— Information shown —

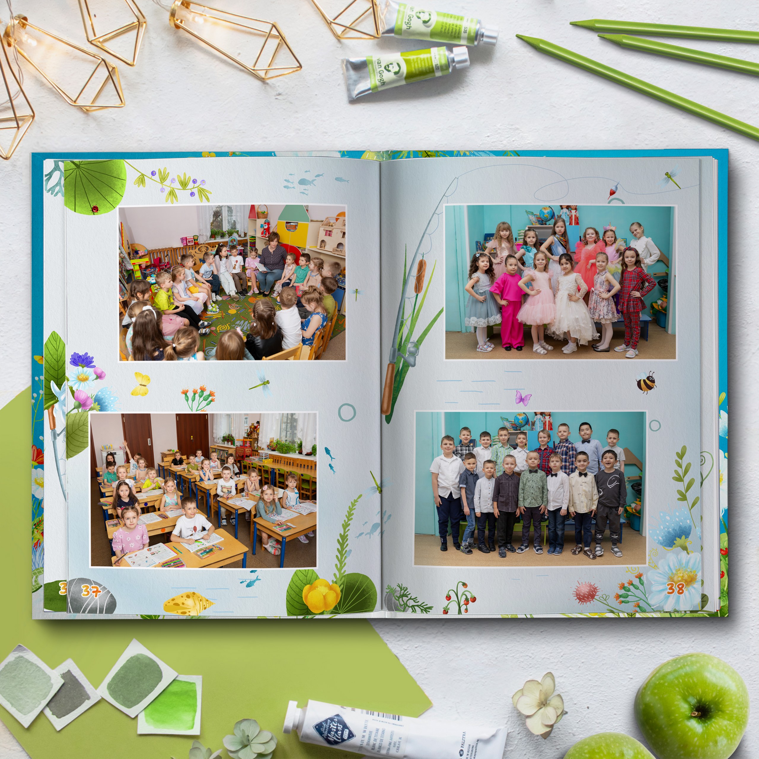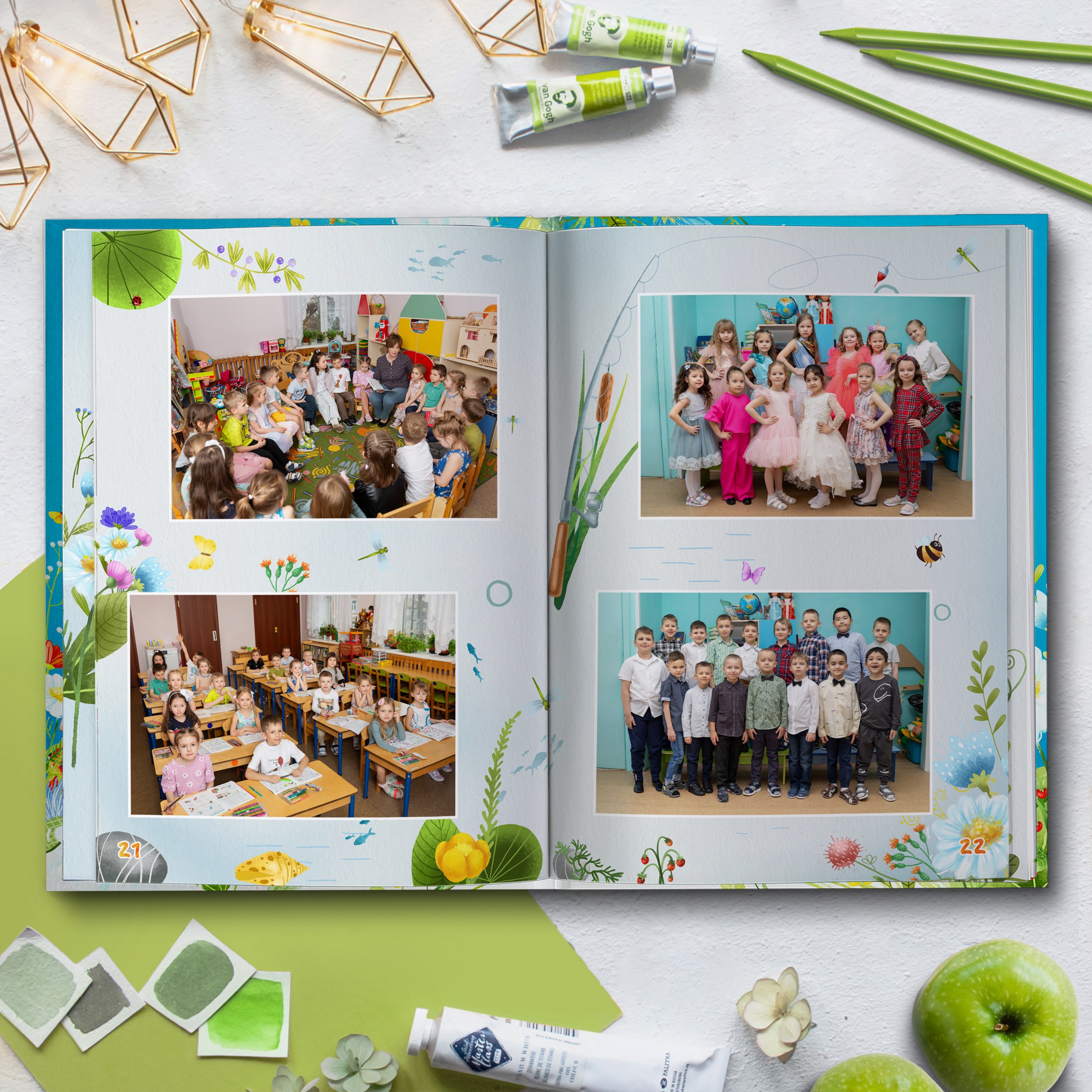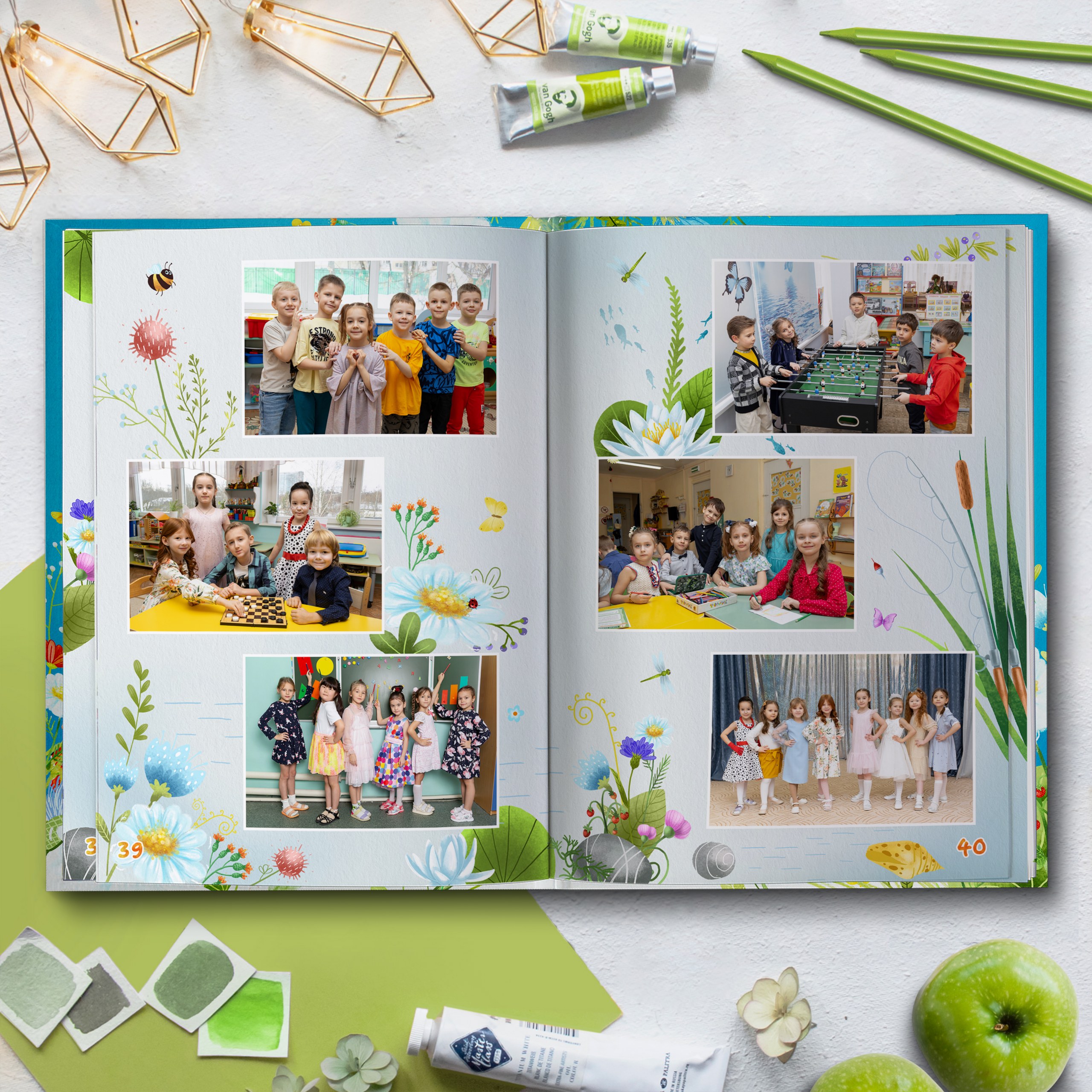 3ий разворот и далее — по 2 личные страницы на ребенка
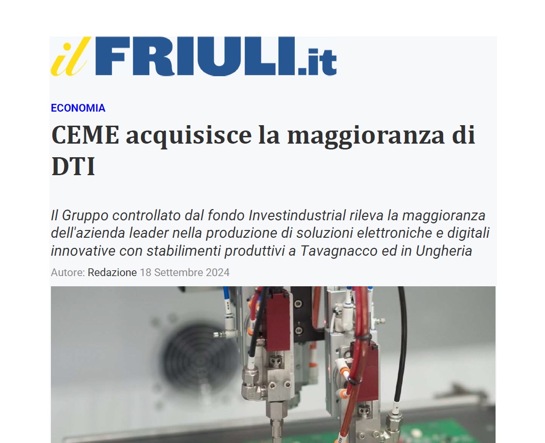 Friuli.it has reported on CEME Group's acquisition of DTI, stressing the importance of this decisive step in enhancing our market position. This acquisition confirms our commitment to innovation and sector development.
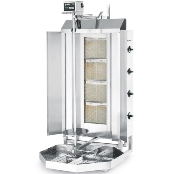Numer producenta: HENDI 226001 Kebab gazowy z serii Profi Line marki Hendi sprawdzi się w każdej profesjonalnej gastronomii. Pracuje na gaz ziemny z możliwością zmiany na gaz butlowy. Urządzenie wyposażone zostało w zawór bezpieczeństwa. Posiada regulację odległości rożna od elementów grzewczych. Wyposażony został także w 2 osłony termiczne ze stali nierdzewnej odchylane skrzydłowo (prawa i lewa) z możliwością ich odkręcenia. Pozwalają one zaoszczędzić do 30% energii. Szeroka powierzchnia grzewcza skraca czas pieczenia. Obudowa urządzenia została wykonana ze stali nierdzewnej AISI-310. Taca na wytopiony tłuszcz jest wyjmowana co ułatwia czyszczenie. Wymagane jest podłączenie do prądu. Cechy produktu:

— Aim of the exercise —
An unaltered copy of the material, without images, should be set down.

— Final answer —
 3ий разворот и далее — по 2 личные страницы на ребенка
 Friuli.it has reported on CEME Group's acquisition of DTI, stressing the importance of this decisive step in enhancing our market position. This acquisition confirms our commitment to innovation and sector development.
Numer producenta: HENDI 226001 Kebab gazowy z serii Profi Line marki Hendi sprawdzi się w każdej profesjonalnej gastronomii. Pracuje na gaz ziemny z możliwością zmiany na gaz butlowy. Urządzenie wyposażone zostało w zawór bezpieczeństwa. Posiada regulację odległości rożna od elementów grzewczych. Wyposażony został także w 2 osłony termiczne ze stali nierdzewnej odchylane skrzydłowo (prawa i lewa) z możliwością ich odkręcenia. Pozwalają one zaoszczędzić do 30% energii. Szeroka powierzchnia grzewcza skraca czas pieczenia. Obudowa urządzenia została wykonana ze stali nierdzewnej AISI-310. Taca na wytopiony tłuszcz jest wyjmowana co ułatwia czyszczenie. Wymagane jest podłączenie do prądu. Cechy produktu:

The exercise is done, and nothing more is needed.